The Sami languages have official minority language status in Kiruna, Gällivare, Jokkmokk, Luleå, Arjeplog and Arvidsjaur municipalites. Meänkieli and Finnish have the same status in Gällivare, Haparanda, Kiruna, Pajala, and Övertorneå, Luleå and Kalix municipalities.

=== Foreign background ===
SCB have collected statistics on backgrounds of residents since 2002. These tables consist of all who have two foreign-born parents or are born abroad themselves. A majority of them are of Finnish descent. The chart lists election years and the last year on record alone.
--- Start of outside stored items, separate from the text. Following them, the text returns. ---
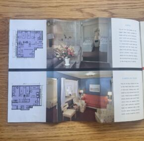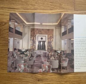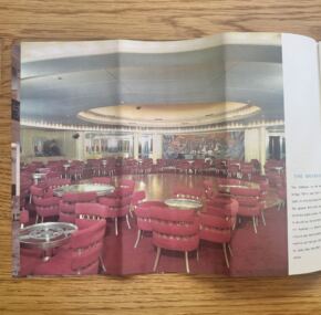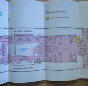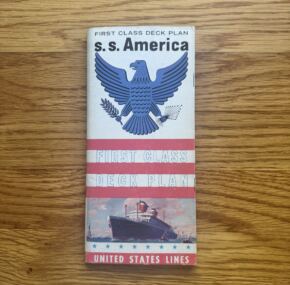 Beautiful color-coded first-class deck plan for the United States Lines ss America. She really did have lovely interiors. So warm and comfortable looking. Very stylish. Loads of color photos in this one that showcases how fantastic she was inside. Excellent condition.
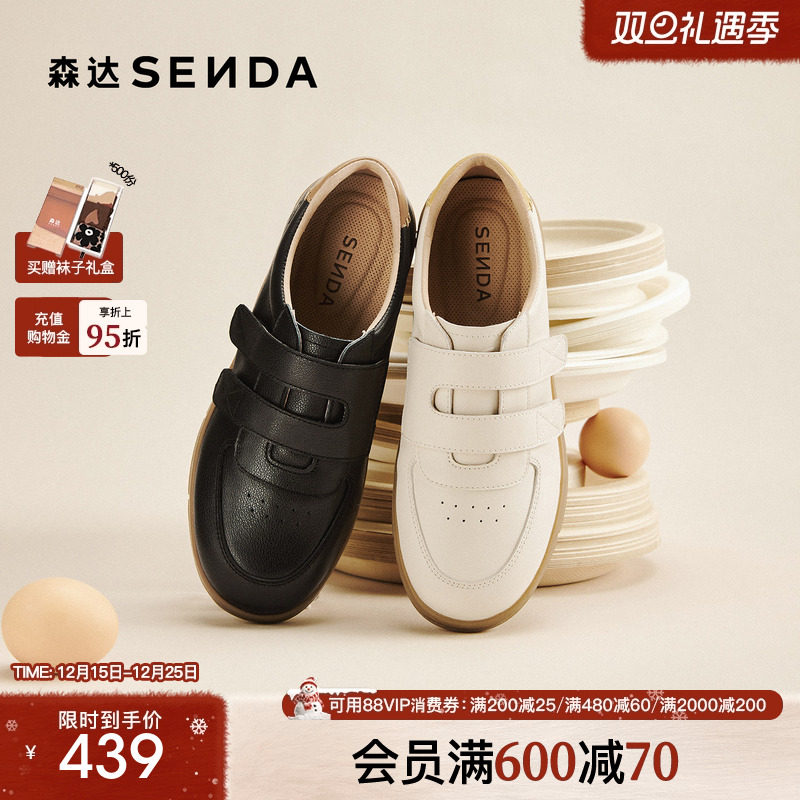 森达百搭小白鞋女款26年新款板鞋商场同款平底魔术贴运动鞋4BKC1
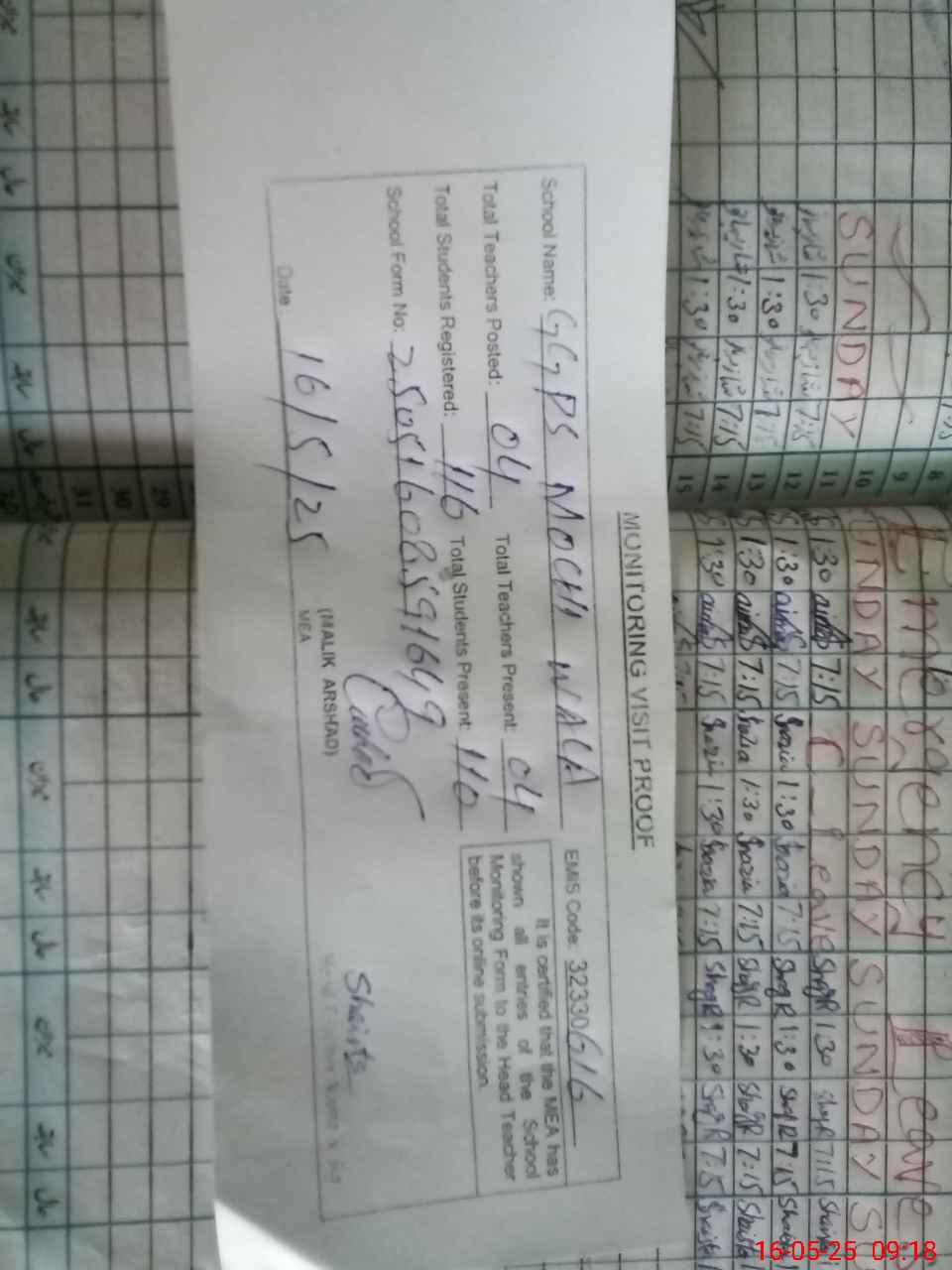 | EMIS Code: 32330616 | Name of School: GGPS MACHI WALA | |||
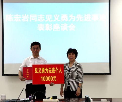 会上,孙秀丽为陈宏岩颁发了荣誉证书和奖金。
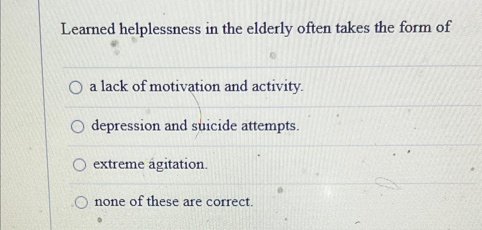 In the original learned helplessness model, people were said to experience learned helplessness when they 4 people are more likely to engage in a. The concept of learned helplessness has been used to explain many of the depressionlike symptoms found in elderly clients. Learned helplessness in the elderly often takes the form of lack of motivation and activity. The term.
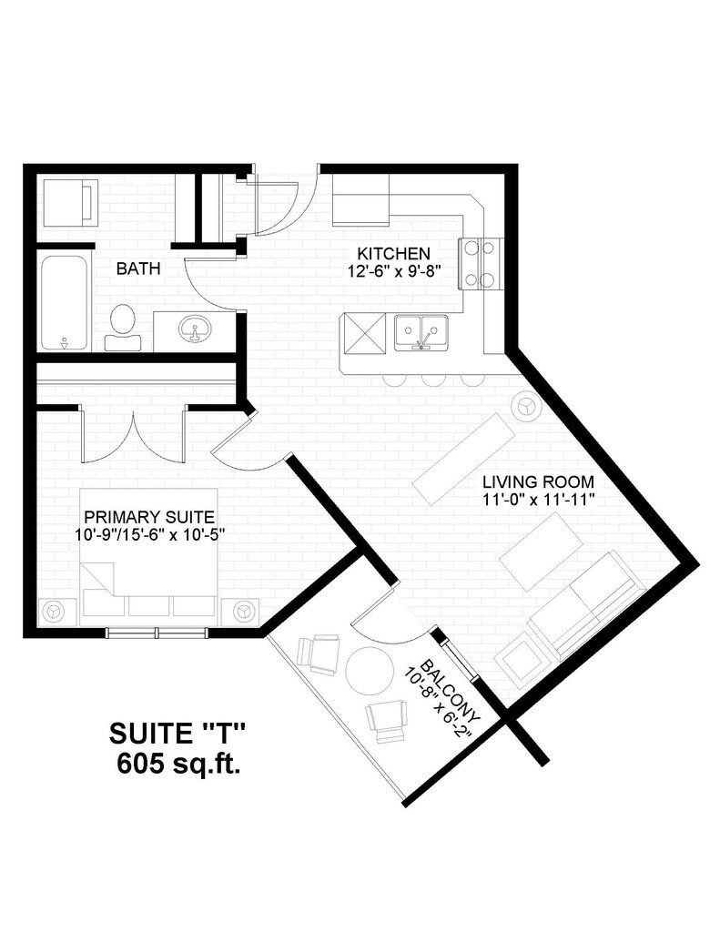 1 Bedroom, 1 Bathroom - Floorplan 6 ![]()
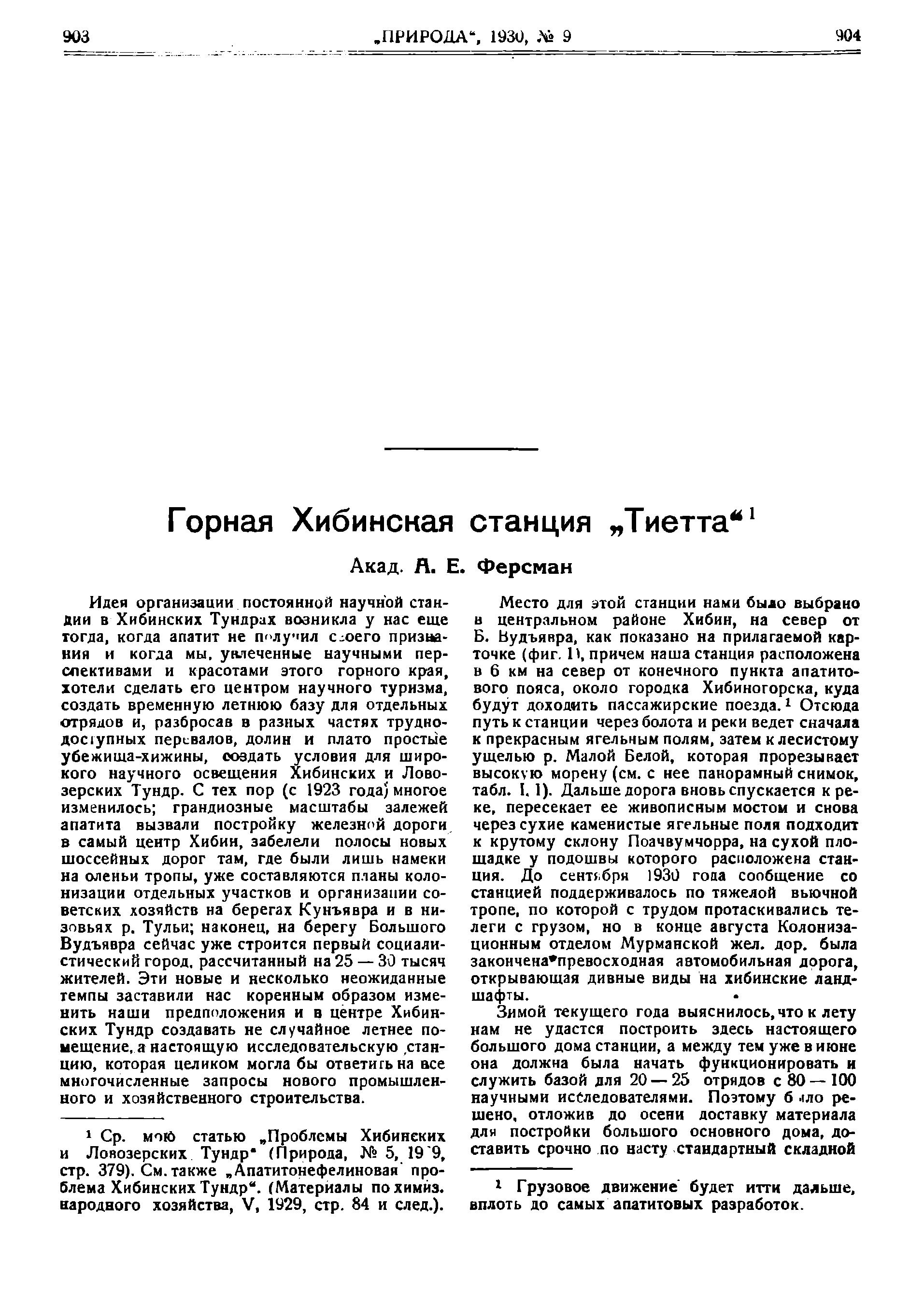 Наша горная станция Академии Наук поэтому не замыкается в узкие задачи изучения недр и их использования в горных районах Кольского полуострова, она должна явиться широким учреждением для всестороннего географического, геохимического и экономического изучения всех областей, прилегающих к Хибиногорску.
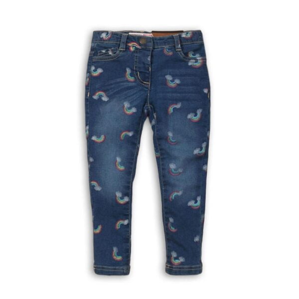 kalhoty dívčí džínové s elastanem Minoti Unicorn 10  Dívčí džínové kalhoty s elastanem, zapínání na knoflík, dvě přední kapsy, s celoplošnými obrázky duhy

| Location | 2002 | 2006 | 2010 | 2014 | 2018 | 2019 |
| Arjeplog | 5.8 | 7.1 | 9.5 | 10.9 | 12.0 | 11.8 |
| Arvidsjaur | 2.9 | 3.7 | 5.5 | 8.5 | 10.3 | 10.4 |
| Boden | 5.2 | 6.4 | 7.3 | 9.8 | 11.3 | 11.7 |
| Gällivare | 5.5 | 6.6 | 7.5 | 8.7 | 10.6 | 11.1 |
| Haparanda | 50.2 | 50.3 | 50.3 | 50.5 | 52.0 | 51.8 |
| Jokkmokk | 5.7 | 6.3 | 8.6 | 11.1 | 13.8 | 13.9 |
| Kalix | 9.8 | 10.5 | 11.2 | 11.9 | 13.1 | 13.3 |
| Kiruna | 9.6 | 10.2 | 10.8 | 12.0 | 14.1 | 14.5 |
| Luleå | 8.9 | 10.1 | 10.8 | 11.7 | 13.5 | 14.0 |
| Pajala | 12.2 | 12.3 | 13.1 | 14.2 | 16.3 | 16.8 |
| Piteå | 4.2 | 4.7 | 5.1 | 5.8 | 7.5 | 7.8 |
| Älvsbyn | 4.0 | 5.5 | 7.0 | 9.2 | 10.8 | 11.9 |
| Överkalix | 4.7 | 6.1 | 8.3 | 10.5 | 12.6 | 13.8 |
| Övertorneå | 23.6 | 25.3 | 27.6 | 29.7 | 31.1 | 30.1 |
| Total | 9.2 | 10.1 | 10.9 | 12.0 | 13.8 | 14.1 |
Source: SCB

== Transport ==
The main mode of personal travel within Norrbotten is by car. The distances are long, e.g. 345 km between Luleå and Kiruna.
The roads have been given relatively high speed limits compared to southern Sweden, usually 100–110 km/h.

Norrbotten has a railway network focused on heavy freight traffic. There are two main railways. Stambanan genom övre Norrland connects Norrbotten with central and southern Sweden. Malmbanan connects Luleå with the iron mines in Gällivare and Kiruna and the ice-free port of Narvik. Malmbanan has highest amount of freight traffic in Scandinavia, especially the part between Kiruna and Narvik.

Air travel is the main mode of travel between Norrbotten and southern Sweden. The main airport is Luleå Airport, sixth largest in Sweden. Other airports are
Arvidsjaur Airport, Gällivare Airport, Kiruna Airport and Pajala Airport.